Problem #154

Tags: graphs data-structures

Who solved this?

Breadth-First Search builds a short and divergent spanning tree

Breadth-First Search with its complement Depth-First Search are two popular methods of searching in the graph. They are building blocks for many other more special algorithms. At the same time each of them may be implemented in several different ways.

The words Breadth-First in the name reflect the manner of search - from any vertex we are trying to investigate all neighbors as soon as possible. Because of this the search process looks as following:

• at first we visit the initial node itself - let us call it `level 0`;
• then we visit all nodes immediately reachable from the initial node - let us call them `level 1`;
• on the next step we reach all nodes immediately reachable from level 1 and call them `level 2`.

And so on with the general rule that at level `K+1` we visit all neighbors of all nodes of level `K`, of course except ones already visited on previous steps. At the picture above initial node is `A`, while the first level consists of `B`, `C`, and `D` - and the second contains remaining `E`, `F` and `G`.

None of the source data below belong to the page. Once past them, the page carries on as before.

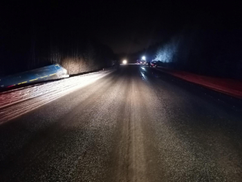 На данном участке автодороги были выявлены неудовлетворительные дорожные условия в виде: наличие зимней скользкости в виде стекловидного льда (гололёда) на проезжей части дороги, в отношении владельца дороги ГКУ Свердловской области «Управление автомобильных дорог», сотрудниками ГИБДД вынесено предписание, акт НДУ и определение о возбуждение дела об административном правонарушении по ч.1 ст.12.34 КоАП РФ.
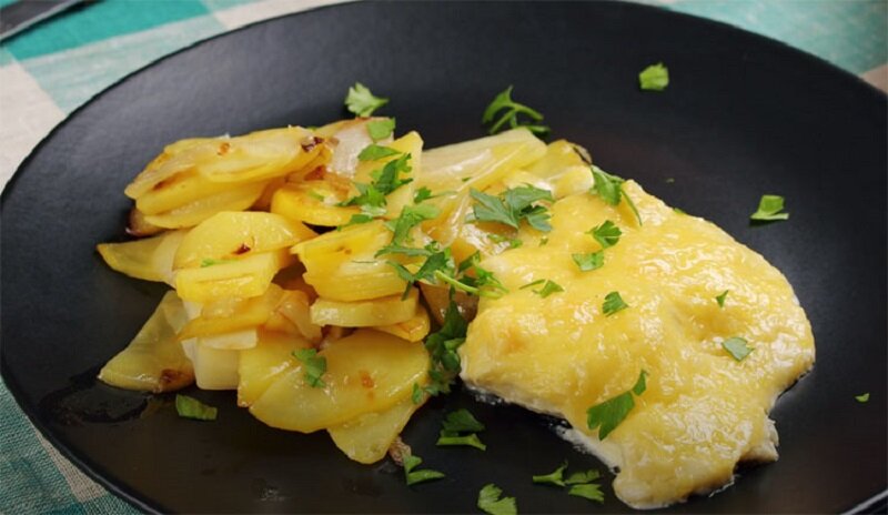 Пока рыба запекается, можно подготовить гарнир. Отлично подойдут жареный картофель, отварной или запечённый картофель, гарнир из риса или воздушное картофельное пюре. Подавайте горячим, посыпав свежей зеленью.
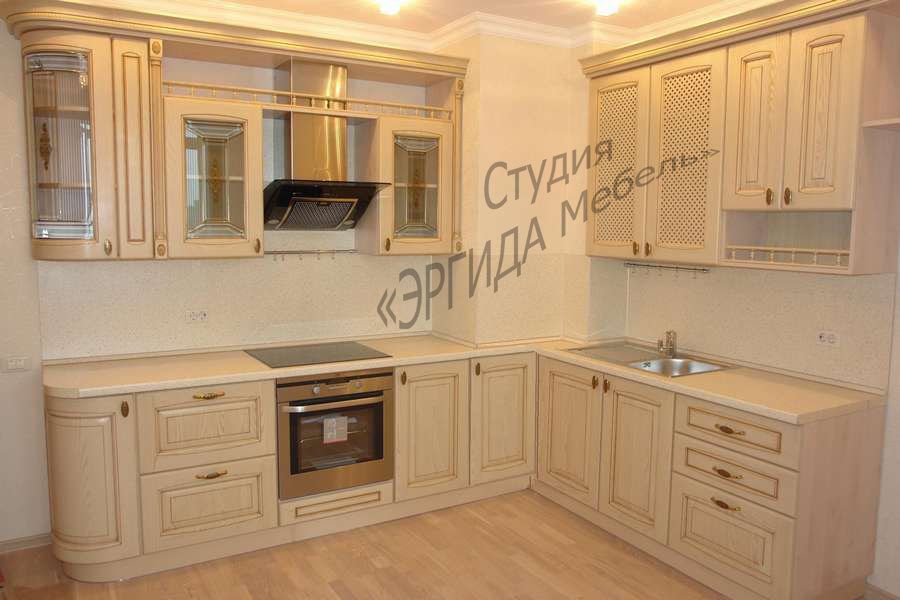 Un bon meuble cache les défauts de la cuisine avec une saillie pour la ventilation sur la photo.
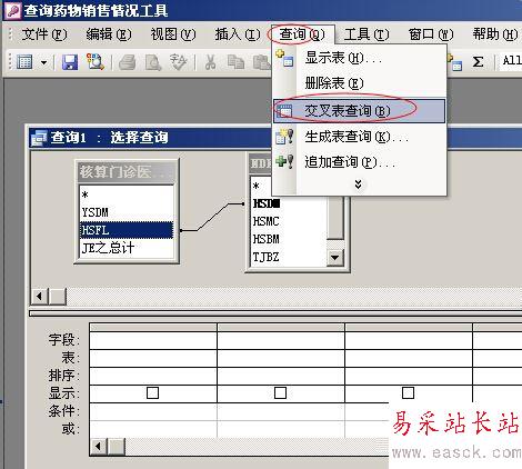 三、連接好表之后,點擊菜單欄的查詢--交叉表查詢。就可以出現(xiàn)交叉表界面。這里我們要理解行標題、列標題和交叉值。
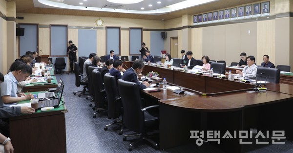 이날 시의원들은 평택시 행정구역 경계조정 연구용역, 평택국민외교센터 지정·설치계획, 평택시 환경복합시설 설치사업, 평택시공동주택관리지원조례 개정 추진, 하수도사용료 인상계획, 진위천유원지 물놀이장 철거부지 기본구상 용역 중간보고 등 6건의 안건을 검토하고 의견을 나눴다.

The manner in which the algorithm visits vertices resembles the spreading of the wave when it floods the shore. Due to this fact particular implementation of the BFS on a rectangular grid is sometimes called Wave Algorithm - see the following picture to decide whether this name is correct:

Wave algorithm is just another incarnation of the BFS

### Typical application

If the graph is connected, BFS will visit all of its nodes. If for each node we will remember where we got to it from - then the resulting set of edges will represent a tree connecting all nodes (so-called spanning tree).

The tree built by BFS at the same time represents the shortests paths from initial vertex to any other (for the graph with the edges of equal weights - otherwise more special algorithm, like Dijkstra should be used).

The puzzle Word Ladders gives an example of a problem when BFS is most suitable.

Other popular usage is for discovering if the graph is connected or consists of several izolated parts. It also allows to mark which vertex belongs to which part. However this task could be by DFS also.

### Algorithm implementation

Usually we prefer to use a Queue to keep the track of the nodes which we are going to visit soon. This data structure provides two operations, let us call them `add` and `remove` for putting new elements to it and fetching them later. The core property is that elements are removed in the same order in which they were stored - this is often called `FIFO`, i.e. first in, first out. For example if you add elements to the end of the list and remove them from the beginning - it will work as a queue.

We also need some way to mark vertices as `seen` - it could be array of flags or set to which we will add ids of vertices or something like this.

That's how algorithm works:

1. We add the initial node to `queue` and mark it as `seen`.
2. Remove the next element from the `queue` and call it `current`.
3. Get all neighbors of the `current` node which are not yet marked as `seen`.
4. Store all these neighbors into the `queue` and mark them all as `seen`.
5. Repeat from the step `2` until the `queue` becomes empty.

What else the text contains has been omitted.